Work task: Pictures are not repeated. Every line from the beginning of the entries through the one with "This premier 3-bedroom, 3.5-bathroom" is restated exactly.

Data excerpts:
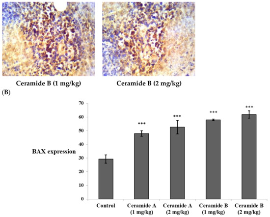 Effect of treatment with ceramide A and ceramide B at two dose levels (1 mg/kg and 2 mg/kg I.P) on the expression of p53. (A) Representative photomicrographs of Bax, assessed immunohistochemically on day 21 in EAC-bearing female mice (40× magnification). (B) Optical density of positive immunohistochemical reactions (brown) determined using ImageJ. Values are expressed as mean ± SD. All data were analyzed using ANOVA followed by a Bonferroni post hoc test. *** Significantly different compared with the EAC control group at p < 0.001.
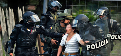 - شرطة الاضطراباتِ الكولمبيين يُساعدونَ امرأة تأثرت بالغاز المسيّل للدموعِ أثناء اشتباكات مَع المتظاهرين ... أ ف ب
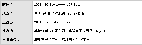 為了加強全球IC分銷行業的交流與合作,為IC分銷商搭建一個面對面溝通的平臺,促進分銷商有效利用電子商務拓展業務,同時也促進中國IC產業的良好發展,全球在線電子元器件交易平臺TBF(The Broker Forum)攜手其中國總代理英特翎科技有限公司,聯合中國電子元器件電子商務知名網站華強電子世界網(hqew)共同推出本次“首屆國際IC產業電子商務論壇暨TBF第四屆亞洲會員交流會”。
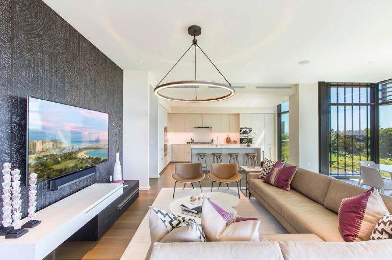 This premier 3-bedroom, 3.5-bathroom residence is nestled on the crest of Park Lane overlooking the Pacific Ocean and Ala Moana Beach Park. It has a modern aesthetic with a design nod to our island culture through its textiles, colors and coveted art collection. This residence – aligned to an infinite horizon, is positioned with unparalleled vistas of Hawaii’s natural beauty, while being intentionally designed with a composition of clean and modern lines.
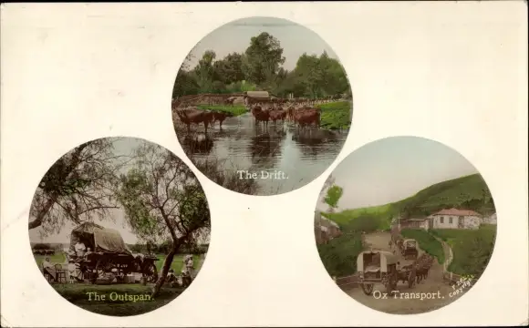 Ak Rinderkarren, Rinder im Fluss, abgespannt
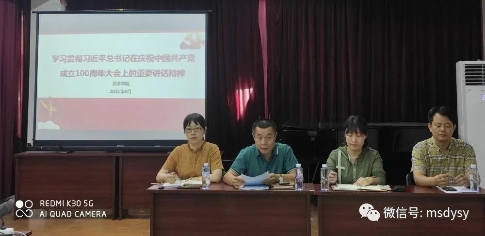 2021年9月9日,15vip太阳集团在习奏习唱室召开新学期教职工大会,组织学习传达习近平总书记在庆祝中国共产党成立100周年大会上的重要讲话精神,学院党政班子出席会议,全体教职工参加会议。会议由学院副院长许佩晖主持。
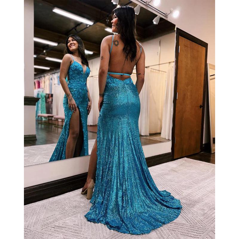 Robe de bal longue à bretelles spaghetti et paillettes orange avec fente
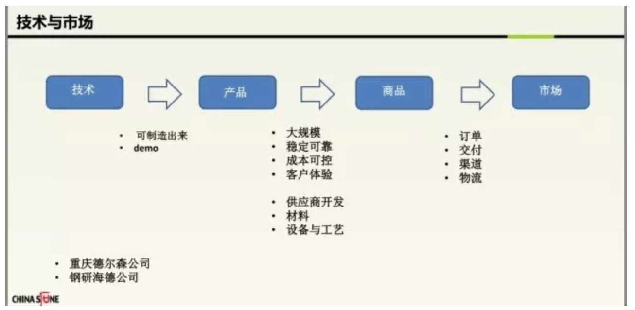 技术到产品、到商品、到市场,大概投资比例,技术是1、产品是10、商品是100。光有技术不行,要有产品,要制造出来。由产品再到商品,必须大规模稳定,成本可控,生产出来,还包括客户体验、供应商、开发、材料、设备与工艺;市场这边还有订单、交付、渠道、物流。设备和工艺往往是商品的核心竞争力。
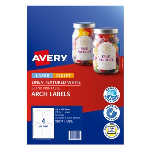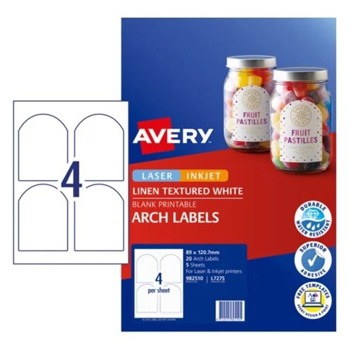 Avery Linen Textured Labels L7275 89 x 120.7mm Arched White 4UP 20 Labels 5 Sheets
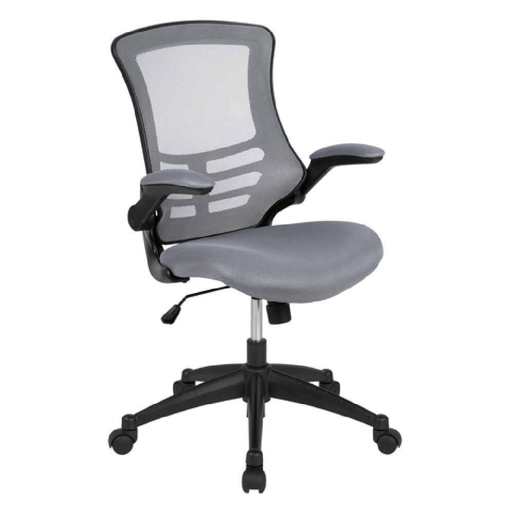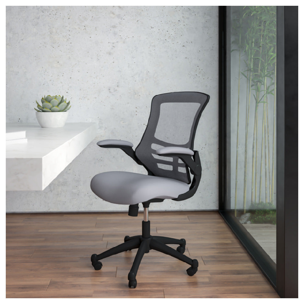 The Flash Furniture BL-X-5M-DKGY-GG Swivel Task Chair is a versatile office seating solution designed for comfort and functionality with an adjustable height ranging from 37-1/2" to 41-1/4". This chair supports a weight capacity of up to 250 lbs, catering to a wide span of users. The mid-back design is complemented by a ventilated mesh back, enhancing airflow to reduce heat buildup during extended periods of sitting. It features a padded upholstered waterfall seat that aids in reducing pressure on the legs, ensuring comfort during long hours of use. The chair includes built-in lumbar support, promoting healthy posture and decreasing the risk of back strain. It also offers a tilt lock mechanism and a tilt tension adjustment knob, allowing users to customize the chair's recline to their preference. The padded flip-up arms offer additional support and can be moved out of the way when needed. Safety is a priority with CA117 fire retardant foam used in its construction. The chair rests on a heavy-duty black nylon base equipped with dual wheel casters for easy mobility across workspaces. Finished in dark gray, and requiring assembly, the Flash Furniture BL-X-5M-DKGY-GG is typically ready to ship within 24 hours, making it a reliable choice for home or office use.

Response area:
 Effect of treatment with ceramide A and ceramide B at two dose levels (1 mg/kg and 2 mg/kg I.P) on the expression of p53. (A) Representative photomicrographs of Bax, assessed immunohistochemically on day 21 in EAC-bearing female mice (40× magnification). (B) Optical density of positive immunohistochemical reactions (brown) determined using ImageJ. Values are expressed as mean ± SD. All data were analyzed using ANOVA followed by a Bonferroni post hoc test. *** Significantly different compared with the EAC control group at p < 0.001.
 - شرطة الاضطراباتِ الكولمبيين يُساعدونَ امرأة تأثرت بالغاز المسيّل للدموعِ أثناء اشتباكات مَع المتظاهرين ... أ ف ب
 為了加強全球IC分銷行業的交流與合作,為IC分銷商搭建一個面對面溝通的平臺,促進分銷商有效利用電子商務拓展業務,同時也促進中國IC產業的良好發展,全球在線電子元器件交易平臺TBF(The Broker Forum)攜手其中國總代理英特翎科技有限公司,聯合中國電子元器件電子商務知名網站華強電子世界網(hqew)共同推出本次“首屆國際IC產業電子商務論壇暨TBF第四屆亞洲會員交流會”。
 This premier 3-bedroom, 3.5-bathroom residence is nestled on the crest of Park Lane overlooking the Pacific Ocean and Ala Moana Beach Park. It has a modern aesthetic with a design nod to our island culture through its textiles, colors and coveted art collection. This residence – aligned to an infinite horizon, is positioned with unparalleled vistas of Hawaii’s natural beauty, while being intentionally designed with a composition of clean and modern lines.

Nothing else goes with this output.